QUATERNARY PALYNOLOGY
- the quantitative analysis of pollen, spores and
related microfossils in sediments of Quaternary age
(the last 2.5 million years). Quaternary Palynology
relies on precise dating for correlation among
stratigraphic sequences, and for reconstructing rates
of environmental change. For the late-Quaternary
(the last 50,000 years), time control is based primarily upon
radiocarbon dating.
The Quaternary spans much of the time of the development of
humans.
Particularly
during the late Quaternary, the influence of environmental
change on humans, and the influence of humans on
the environment are important themes of Quaternary Palynology.
The term 'palynology'
was suggested by
Hyde & Williams
from the Greek
"to strew or sprinkle"
because by 1944 the discipline had come to include
microfossils other than pollen, and because it had developed
beyond mere identification of pollen and determination of
its stratigraphic range.
As so defined, "palynology" was first practiced in the 1910's
by Lenart Von Post, who systematically enumerated pollen
and spores in samples of bog sediment and calculated the
percentages of the major pollen types as an index of past
vegetation. Even though fossil pollen and spores had been recognized
pre-Quaternary by Reinsch in 1881. During the first half of the
twentieth Von Post provided a palynological basis for the
Blytt-Syrnander climatic sequence, which had been based on
peat stratigraphy, and he helped to provide chronological
control for this sequence by analyzing pollen in the varves
of the Baltic Basin. After World War Two, Quaternary Palynology
developed rapidly in the New World through the application
of the technique to lake sediments, made possible by the
development of piston corers by Livingston and others. The
application of palynology to non-forested regions in the
New World lead to a re-evaluation of the basic concepts of
palynology such as the pollen sum for percentages. This lead,
in turn, to the "absolute" measures of pollen abundance
(concentration and "influx"). The comparison of contemporary
vegetation with the modern pollen rain ("surface sample
studies") has been facilitated by the relatively un-disturbed
nature of North American vegetation. More recently, computer
techniques have facilitated the quantitative interpretation
of Quaternary sequences and have permitted the rapid
transmission and graphical display of palynological data.
Compared to stratigraphic palynology,
Quaternary palynology is more quantitative, and unlike
stratigraphic palynology, it assumes that the pollen and
spores investigated are produced by living taxa (Families,
Genera, or Species).

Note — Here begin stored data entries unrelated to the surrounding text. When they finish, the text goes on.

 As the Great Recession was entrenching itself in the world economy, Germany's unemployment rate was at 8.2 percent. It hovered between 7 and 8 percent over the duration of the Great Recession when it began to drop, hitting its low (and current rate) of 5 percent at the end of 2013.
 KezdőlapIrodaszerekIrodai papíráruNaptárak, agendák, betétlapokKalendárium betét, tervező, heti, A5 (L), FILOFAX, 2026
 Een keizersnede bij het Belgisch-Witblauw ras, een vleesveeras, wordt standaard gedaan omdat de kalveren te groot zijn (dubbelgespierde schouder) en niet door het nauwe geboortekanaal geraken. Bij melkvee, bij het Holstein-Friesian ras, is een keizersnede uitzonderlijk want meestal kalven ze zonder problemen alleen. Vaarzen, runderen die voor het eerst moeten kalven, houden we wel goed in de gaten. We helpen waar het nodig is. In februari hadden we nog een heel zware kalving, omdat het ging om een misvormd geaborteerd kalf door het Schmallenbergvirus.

Routinely, 300 to 500 pollen grains are
counted per sample, and these abundances are formally
compared to vegetation and environmental properties through
"surface sample studies." The assumption of "modernity" is
fundamental to Quaternary palynology, because it uses the
ecological tolerances of the recognized taxa to interpret
past precipitation and temperature and other
environmental parameters.
The reliance on the ecological tolerances is justified by
indications of long-term stability in the fossil record,
and by the "stasis" (vs. gradualistic) model of the
tempo of evolution.
Most paleontologists would probably agree that on a
millennial time scale (i.e., the Holocene) the
assumption of "modernity" is justified -- on the genus
level of routine pollen identification. However, the
assumption may have lead to a level of "complacency"
that has failed to identify species-level plant extinctions
despite the major extirpation of grazing herbivores in
the New World 10,000 years ago.
References:
Reinsch, P. 1881
Neue Untersuchungen über die mikrostruktur der steinkohle des carbon
der Dyas and Trias. Leipzig. 124 pp, 14 pl.
Von Post, L. 1917
Om skogsträdpollen i sydsvenska torfmosselagerföljder.

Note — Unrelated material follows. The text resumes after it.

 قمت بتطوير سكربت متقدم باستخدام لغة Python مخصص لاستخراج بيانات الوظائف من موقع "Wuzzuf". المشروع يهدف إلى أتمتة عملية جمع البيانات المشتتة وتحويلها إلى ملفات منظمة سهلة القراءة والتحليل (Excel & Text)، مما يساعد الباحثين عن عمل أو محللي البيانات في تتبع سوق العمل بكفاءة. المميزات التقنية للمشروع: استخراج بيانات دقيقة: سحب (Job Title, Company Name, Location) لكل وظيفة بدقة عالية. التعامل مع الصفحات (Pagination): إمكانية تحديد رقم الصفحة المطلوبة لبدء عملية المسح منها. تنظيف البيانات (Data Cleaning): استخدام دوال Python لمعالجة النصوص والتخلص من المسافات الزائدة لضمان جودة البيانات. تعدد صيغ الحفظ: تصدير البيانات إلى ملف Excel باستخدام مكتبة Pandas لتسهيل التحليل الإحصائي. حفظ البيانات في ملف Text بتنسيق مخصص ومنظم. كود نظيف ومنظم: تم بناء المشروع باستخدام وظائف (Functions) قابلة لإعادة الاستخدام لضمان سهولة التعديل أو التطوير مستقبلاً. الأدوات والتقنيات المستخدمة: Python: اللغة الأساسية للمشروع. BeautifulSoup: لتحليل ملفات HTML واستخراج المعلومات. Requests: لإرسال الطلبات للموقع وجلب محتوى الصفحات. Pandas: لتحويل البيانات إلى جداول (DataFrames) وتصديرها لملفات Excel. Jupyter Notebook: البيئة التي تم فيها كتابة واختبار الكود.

Geologiska Foreningens i Stockholm Forhandlingar 38: 384-390
Wright H. E. 1980.
Cores of soft lake sdeiments. Boreas 9: 107-114.
Eldridge, N., and Gould, S. J., 1972
Punctuated Equilibria: An Alternative to Phyletic Gradualism,
in Schopf, T. M., ed., Models in Paleobiology: San Francisco,
Freeman, Cooper, & Co., p. 82-115; 250 pp.
Wright H. E. 1967.
The use of surface samples in Quaternary pollen analysis.
Review Palaeobotany Palynology 2: 321-330.
AASP References:
V.M. Bryant & R.G. Holloway (1985) Pollen records of Late-Quaternary North American Sediments.
AASP Foundation Contributions Series 13
Faegri & Iversen (1989); Moore, Webb & Collinson (1991) etc.